Her Highness Sheikha Latifa bint Mohammed bin Rashid Al Maktoum, Chairperson of the Dubai Culture and Arts Authority (Dubai Culture) and member of the Dubai Council, inaugurated the ‘Time and Identity’ exhibition, which showcases the works of 22 established and emerging Emirati artists from various generations.
The exhibition, which delves into the themes of time, memory and identity, runs until 15 September at the Al Safa Art and Design Library. Fostering a space for learning and exchanging experiences among the artists, the exhibition aligns with Dubai’s vision for building a sustainable cultural and creative sector and consolidating its position as a global centre for culture, an incubator for creativity and a thriving hub for talent.
HH Sheikha Latifa said that the ‘Time and Identity’ exhibition provides a forum for Emirati artists to express their rich and varied artistic perspectives in addition to serving as a bridge between established and emerging artists. The event, which marks a milestone in the growth of Dubai’s creative ecosystem, has been designed to both raise the profile of artists and enrich the local artistic landscape, she noted.
“The exhibition not only showcases artistic excellence and human creativity but also provides a channel for Emirati artists at various stages of their journey to engage in constructive dialogue, exchange ideas and explore creative themes. The event supports Dubai’s overarching vision for a sustainable and vibrant cultural and creative sector,”
Her Highness added.
HH Sheikha Latifa toured the exhibition, meeting with the artists who conveyed their positive outlook for the art sector in Dubai. They attributed the bright prospects of the sector to the steadfast support of Her Highness and the UAE’s leadership, who have been committed to invest in the growth of the sector, empower artists and provide them with the resources needed to pursue their passion. Her Highness also praised the artistic vision and creativity in the works displayed at the exhibition.
‘Time and Identity’ features the works of 22 Emirati artists, each of which express cultural subtleties, visionary perspectives, and aspirational ideals. One standout is Mohammed Kazem’s 'Inkjet print on paper,' which transforms abstract concepts into visually stunning images. Dr. Mohamed Yousif's 'My Small Naashaat' features a unique sculptural style, while Taqwa Alnaqbi's 'The Maroon Dress' pays homage to local culture and heritage.

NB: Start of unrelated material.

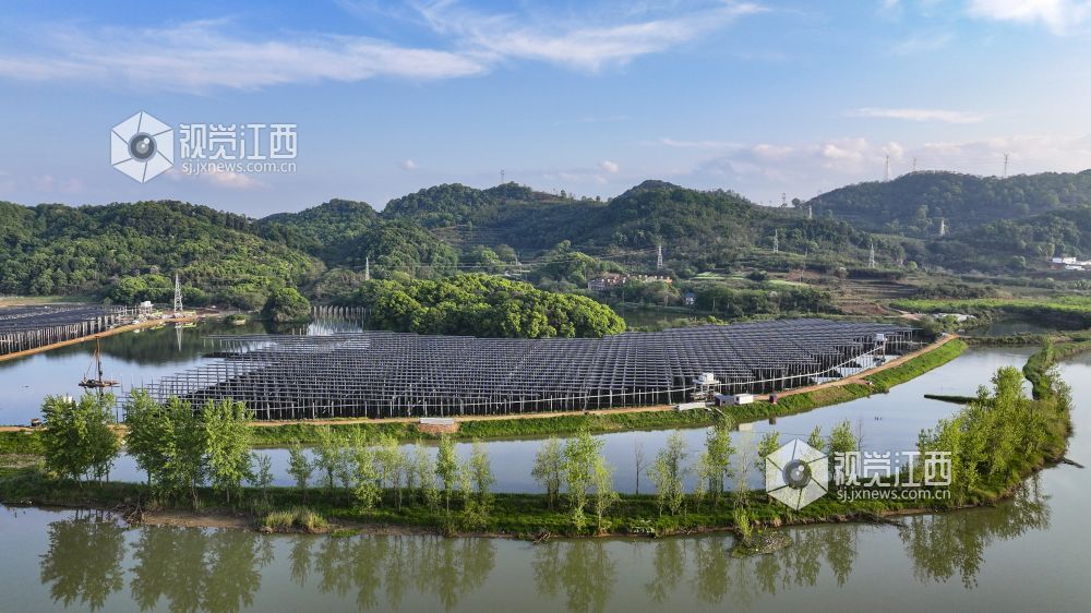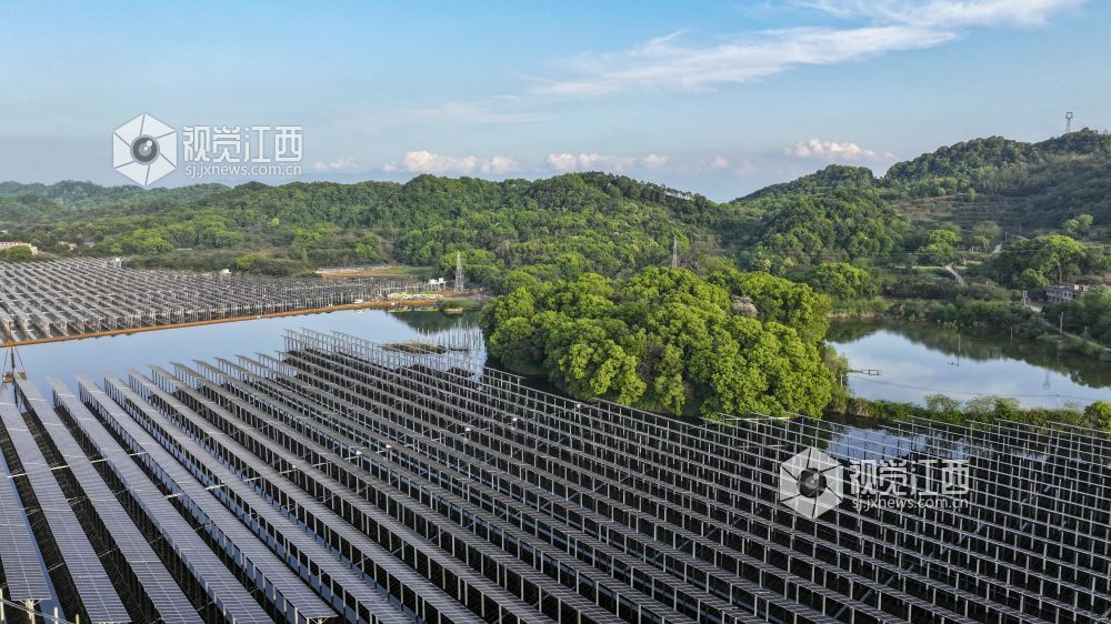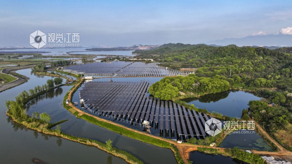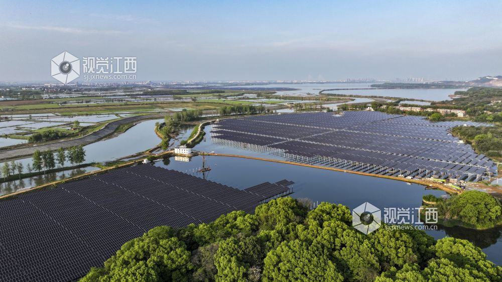 近年来,九江市柴桑区因地制宜实施“渔光互补”光伏电站项目,形成了“水上能发电、水下能养鱼”的生态美景。

Zeinab Alhashemi’s 'Camoulflage X Y Z' delves into Charles Darwin’s famed theory, exploring it through an artistic lens. ‘Artificial Portraits’ by Maitha Demithan documents her exploration of artificial intelligence, serving as a temporal gateway.
The exhibition offers a vibrant voyage through art, culture, and thought. ‘Settling Back In,’ a series by Ammar Al-Banna, delves into the nuances of local history and past social events. ‘128 Days Punch In – Punch Out’ by Ammar AlAttar stimulates discussions about the role and significance of work in our lives. Asmaa Balhamr’s pieces titled ‘Souq Al Ras Façade Observation’ and ‘El Ebrahimi building observation’ shed light on Emirati architecture’s influence on the landscape’s collective memory.
In ‘SEEN, Sidroh Series,’ Amina Al-Jarman documents the Sidrawa region of Ras Al-Khaimah, bridging the gap between the past and present. Jumaa Al Haj’s artwork ‘Loose Leaf’ captivates viewers with its detailing, whereas Abdulqader Alrais showcases a poignant self-portrait from 1973.
Sheikha Lateefa bint Maktoum’s ‘Observers of Change (2/3)’ is part of a four-photo series that was displayed at the UAE Pavilion at the Venice Biennale 2011. Fatima Al Ali’s ‘I Tell Myself I Remember It All’ is a journey into memory and the influence of emotional states on it.
Maitha Al Omaira’s ‘How is Nature Constant When the Sun Never Rests?’ challenges the traditional ideas of nature’s stability and uniformity by highlighting environmental anomalies.
Latifa Saeed’s ‘The Archive,’ is a piece stemming from in-depth research of 180 unique country sites. Moza AlFalasi’s artwork, ‘Murmuration,’ delves into the fluid concepts of identity and memory. Salama Alfalasi’s ‘Absent’ draws inspiration from a poem by Mahmoud Darwish, while Salama Nassib’s ‘Then and Now Series | The Garden’ revisits the notion of memory and Rawdha Al Ketbi’s ‘Pause’ provides a unique perspective into time travel’s vast horizons. These artworks weave a rich tapestry of exploration into memory, identity, and time.
Asma Khoory’s ‘Collective Memories’ encapsulates the intricate dynamics of memory’s presence and its occasional absence in our lives. Safeya Sharif’s ‘Hallucinogenic Facade: Starting Point’ series navigates the delicate boundary between reality and imagination, and Salmah Almansoori’s ‘Who I Became Within These Walls’ underscores the profound impact of one’s surroundings on their identity.